Chegamos a um ponto de amizade que não podíamos mais guardar um pensamento: um
telefonava logo ao outro, marcando encontro imediato. Depois da conversa,
sentíamo-nos tão contentes como se nos tivéssemos presenteado a nós mesmos.
Esse estado de comunicação contínua chegou a tal exaltação que, no dia em que
nada tínhamos a nos confiar, procurávamos com alguma aflição um assunto. Só que
o assunto havia de ser grave, pois em qualquer um não caberia a veemência de
uma sinceridade pela primeira vez experimentada.
Já
nesse tempo apareceram os primeiros sinais de perturbação entre nós. Às vezes um telefonava, encontrávamo-nos, e
nada tínhamos a nos dizer. Éramos muito jovens e não sabíamos ficar calados.

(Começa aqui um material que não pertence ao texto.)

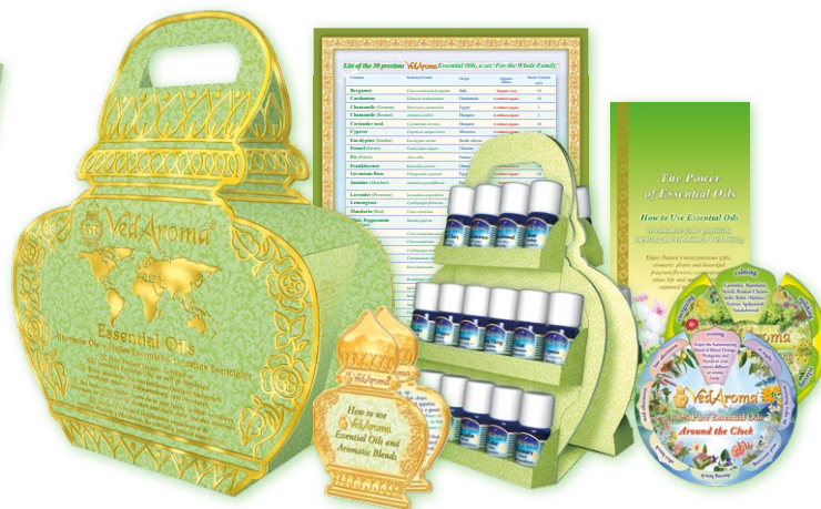
Luxury Kalash Bag and Stand containing 30 VedAroma essential oils
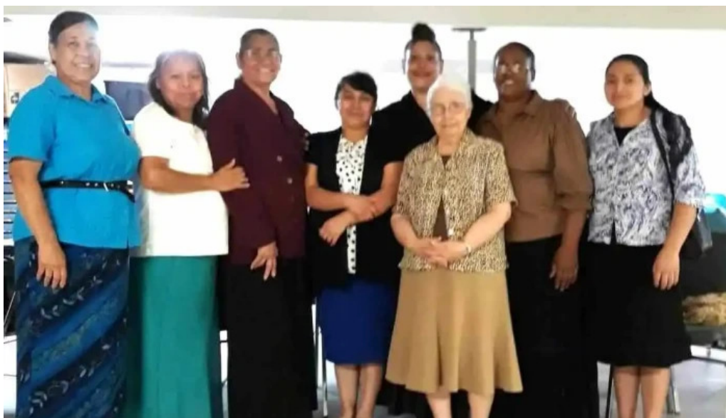
Iglesia pentla senda antigua all
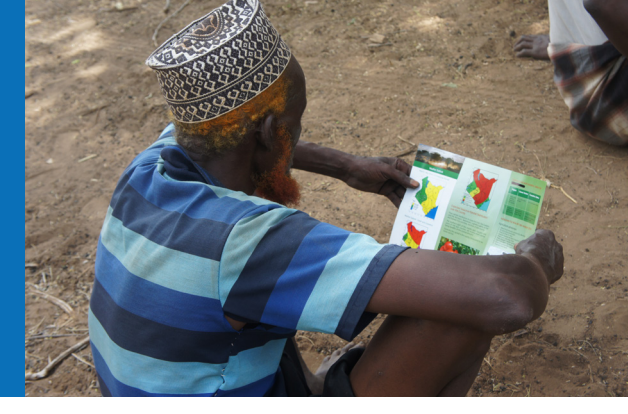
A community member catching up on climate advisories in Garissa, Kenya

Climate information is gaining ground as a resource to support adaptation decision-making, helping farmers, pastoralists, local government organisations, sectors services, and non-state actors to anticipate and plan for the coming seasons.
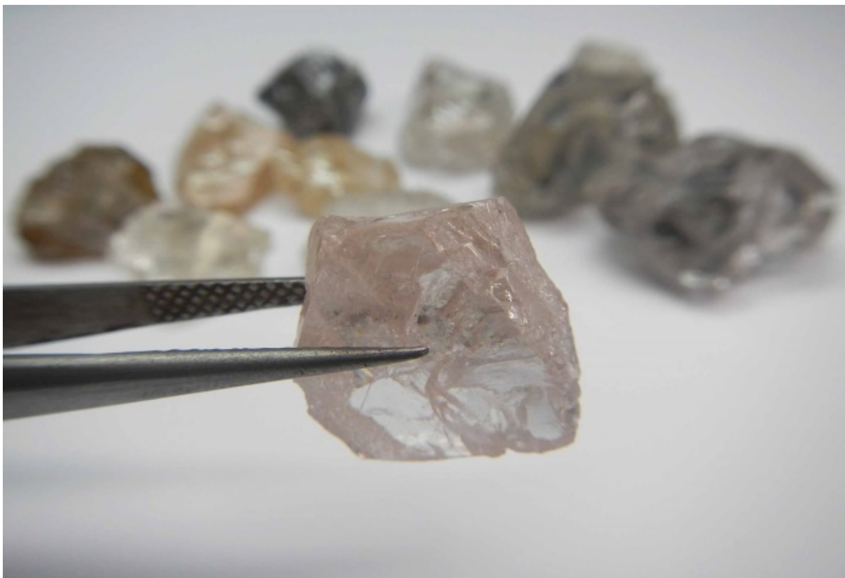
14.28ct pink diamond recovered from Mining Block 8
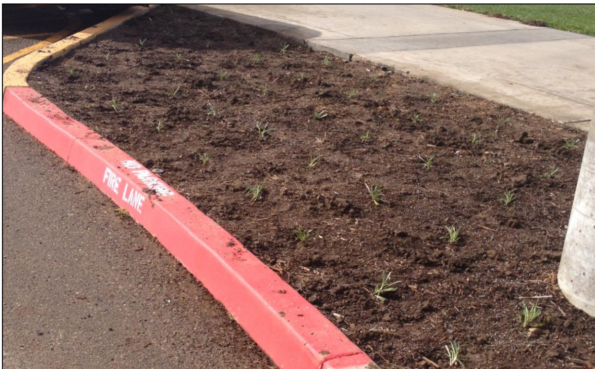
PVHS – Circular Drive Groundcover Replacement
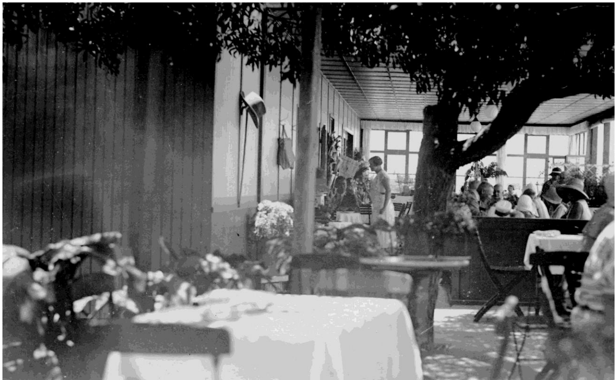
Inside the old Strand Café (app. 1930)
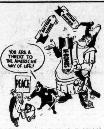
Drawing by Fred Wright

death." C. B. Baldwin, secretary of the Progressive Party, wired Pres. Truman: Unless you move immediately to protect the rights of citizens of New York and throughout the country, who seek by peaceful means a peaceable settlement in Korea and the outlawing of the atomic bomb, they will have no alternative but to regard your words as a hollow mockery, and all people devoted to our traditions of free speech will
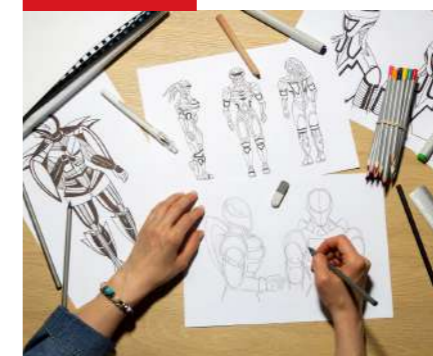
ANIMATION & GAMING DESIGN
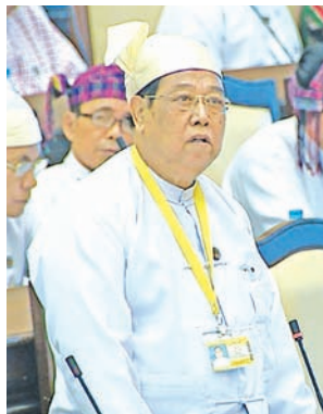
Deputy Minister for Construction U Soe Tint. MNA
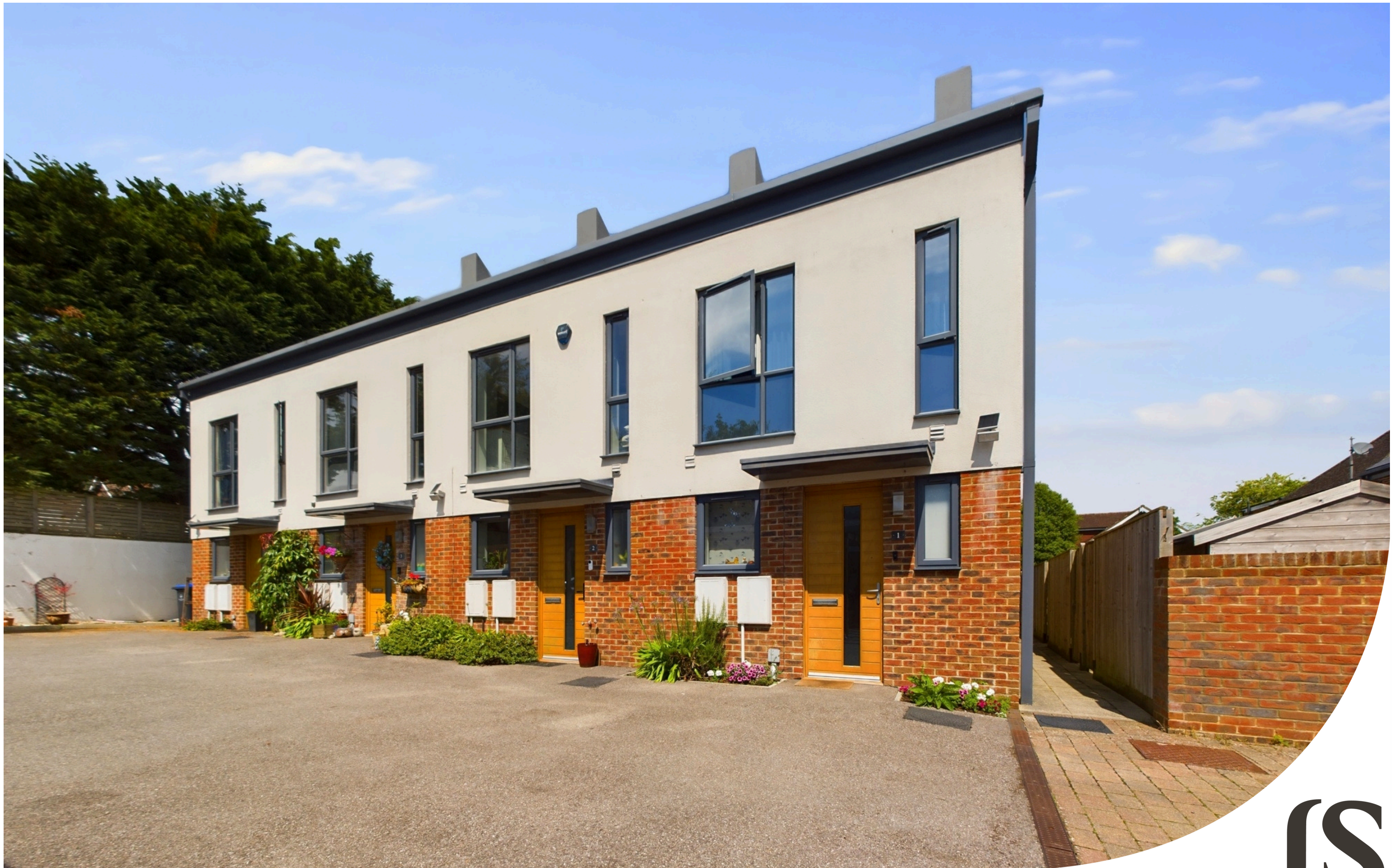
Argyll Mews | Findon Valley | BN14 0AY Offers Over £350,000

De início, quando começou a faltar assunto, tentamos comentar as pessoas. Mas
bem sabíamos que já estávamos adulterando o núcleo da amizade. Tentar falar
sobre nossas mútuas namoradas também estava fora de cogitação, pois um homem
não falava de seus amores. Experimentávamos ficar calados – mas tornávamo-nos
inquietos logo depois de nos separarmos.
Minha
solidão, na volta de tais encontros, era grande e árida. Cheguei a ler livros
apenas para poder falar deles. Mas uma amizade sincera queria a sinceridade
mais pura. À procura desta, eu começava a me sentir vazio. Nossos encontros
eram cada vez mais decepcionantes. Minha sincera pobreza revelava-se aos
poucos. Também ele, eu sabia, chegara ao impasse de si mesmo.
Foi
quando, tendo minha família se mudado para São Paulo, e ele morando sozinho,
pois sua família era do Piauí, foi quando o convidei a morar em nosso
apartamento, que ficara sob a minha guarda. Que rebuliço de alma. Radiantes,
arrumávamos nossos livros e discos, preparávamos um ambiente perfeito para
a amizade. Depois de tudo pronto – eis nos dentro de casa, de braços abanando,
mudos, cheios apenas de amizade.
Queríamos
tanto salvar o outro. Amizade é matéria de salvação.
Mas
todos os problemas já tinham sido tocados, todas as possibilidades estudadas.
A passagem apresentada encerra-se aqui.